Marisol Marcondes... Fui assistir a essa obra por indicação do meu amigo crítico Gilberto Bartholo. Não recebi release da assessoria de imprensa ou vi comerciais patrocinados nas páginas sociais, longe disso. Não há ostentação entre eles, mesmo com essa atriz que dá um show de interpretação! Antes de falar sobre eles, fui em busca de informações, pois só reconheci um artista do elenco. Detalhe: eu não sabia que ele estava no espetáculo. Belisa é uma personagem que explode na peça, do início ao fim, nos faz rir e no final nos surpreende com a atuação majestosa de Marisol. Ao espiar sua página social, descobri que a moça foi a Ariel, da Pequena Sereia, uma grande montagem em São Paulo. Mesmo não tendo visto a obra, fiquei em estado de encantamento com as fotos. É aquilo: com o tempo enxergamos quem é bom, ainda que sem referência.
Thiago Marinho... Esse personagem me pegou pelo coração! A humildade e a poesia de Florípio conquistaram a minha alma. A beleza da performance do artista é cativante demais. Ele já esteve em alguns espetáculos, inclusive dentro do CCBB, mas esse personagem e essa atuação estarão eternizados em mim. Há tanta beleza nesse rapaz que fica difícil traduzir. Ele é ótimo, muito mesmo. Seus olhos falam!
Daniel Haidar e Edmundo Vitor protagonizam uma das cenas mais lindas. Ambos os artistas têm obras importantes em seus currículos. O que assisti deles me impactou muito. Em cena, falam do amor. Quando uma atitude é tomada por parte de um dos personagens, o outro responde de maneira bruta, nos fazendo entender como precisamos ver o amor na sua essência e não com preconceito bobos. Que maravilha!
Não sei o motivo, mas lembrei-me de Apolo e Jacinto, da mitologia grega. Perceptível a bagagem cultural do autor.
Leonam Moraes... Esse artista não é bom, o cara é um demônio, pega fogo, é incandescente, atua com uma força descomunal, e tudo como se estivesse ensaiando!
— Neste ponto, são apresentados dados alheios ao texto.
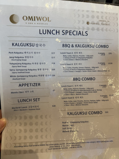 Read moreJeju Island BBQ comes to Toronto!! OK, I must be dreaming of Jeju again but this is the best K BBQ experience Iâve had since we went to Sukseongdo in Jeju (ěěąëë ¸í본ę´) and Bekmiwoo in Seoul. I will have to return at least 4 times to try their entire menu - and thatâs only if they donât add some other new and delicious things. My foodie son all the way down in Florida read about Omiwol on blogTO and paid for my birthday meal. My 94 yo mom and I enjoyed the Lunch Feast C for $90. Everything was so delicious! I was a bit confused by the different 2-person sets so I asked the friendly waiter. Lunch Feast A is $70 and comes with a choice of noodles. Lunch Feast C is $90 and includes a choice of raw appetizers (beef tartare, crab or shrimp) + a stew (jigae) and rice. Both lunch sets offer the same amount of meat and Melona popsicles. The Mini Omiwol set is $110 for 2 people and comes with kimchi fried rice. Today we opted for the Lunch Feast C because we wanted to try their soy sauce marinated raw crab. It was a fresh and tasty âflowerâ type crab which I believe is the type used in Korea. Most GTA restaurants only use blue crab. Too bad Omiwolâs didnât have any precious roe or tomalley. Was it because they were not female crabs? I donât know but I like the roe. Probably female crabs are more expensive. The veggie side dishes were all delicious. I havenât had the pickled perilla leaf since my friendâs mother visited from Korea and she shared with me. It made me think fondly of her. The stew was very delicious. Served bubbling in a Ttukbaegi, it was a thick red soup chock full of tender pork, kabocha squash, tofu and zucchini. The squash naturally lent its sweetness and thickness to the stew. Although it was bright red, it wasnât too spicy and Mom could enjoy it too. I would happily drink it every day. The waiter said the ingredients might change depending on the season. In any case, Iâm sure Omiwol follows a nose-to-tail approach to meat use and will take advantage of their abundance to create a rich, meaty stock for any of their stews. And what should I say about the meat? The sets currently do NOT include the Heritage cuts so I will return next time and order Ă la carte. I told the waiter that we enjoyed the aged black pig in Jeju and he suggested that next time, we try their Ontario-raised Heritage pork - a breed similar to the Jeju black pork. Our Lunch Feast C offered a pork belly and collar plus a beef picanha and flatiron. They were very rich and delicious. I wanted to taste the meat only so I ate mine NOT as a ssam. Later, I made myself some ssams with the lettuce, yummy kimchi and jangajji (pickled, non-fermented veg). Portions are generous so we asked for take out containers. Iâm looking forward to eating those. Dessert was a choice of 5 Melona bars. Iâm normally not a supermarket dessert person so I have never tasted Melona before. After today, Itâs my new obsession! The melon flavoured popsicle tastes exactly like honeydew melon and cream. It was the perfect ending to a...

Incrível como ele conquista a plateia. Fiquei perplexa, porque tive a sensação que ele não precisa de esforços para atuar, como se tudo fosse fácil. Sabemos que existem ensaios duros para execução de uma peça, descobertas, mas a arte cênica me pareceu ser algo intrínseco nele.
Larissa Carneiro... Como eu não a conhecia? Um verdadeiro absurdo! Larissa é a mãe do noivo. De alguma forma, tinha que casar o filho com a estranha Belisa. Afinal, a família da noiva tinha posses e a Senhora Batesquião só vivia de aparência, estava falida. Larissa é de uma riqueza ímpar no teatro. Posso estar enganada, mas a construção da personagem dela tem muito da atriz, porque ela interpreta com tanta naturalidade que fica impossível não acreditar que, de alguma forma, uma está contida na outra. Perfeita!
Alberto Venceslau, em uma das cenas, empresta seu belíssimo corpo para a dança, enquanto faz uma interpretação em libras. Você se perde entre a interpretação e a expressão corporal dele, desenhada por músculos muito bem definidos. Alberto é belo, chama a atenção, mas - acima de tudo - embeleza. Ele é como um movimento de um rio fluido!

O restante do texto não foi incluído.